**Recorded information:**
§
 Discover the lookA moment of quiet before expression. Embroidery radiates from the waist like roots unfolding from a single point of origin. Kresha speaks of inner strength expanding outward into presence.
§
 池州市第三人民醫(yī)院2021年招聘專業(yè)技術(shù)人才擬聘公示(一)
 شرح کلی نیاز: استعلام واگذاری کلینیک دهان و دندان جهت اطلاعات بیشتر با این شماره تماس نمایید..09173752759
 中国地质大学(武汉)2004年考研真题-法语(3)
§
**How to complete this task:**
Could you set down, exactly as written, the lines above between the one holding "شرح کلی نیاز: استعلام" and the one holding "中国地质大学(武汉)2004年考研真题-法语(3)", inclusive, and nothing more?

**Task result:**
 شرح کلی نیاز: استعلام واگذاری کلینیک دهان و دندان جهت اطلاعات بیشتر با این شماره تماس نمایید..09173752759
 中国地质大学(武汉)2004年考研真题-法语(3)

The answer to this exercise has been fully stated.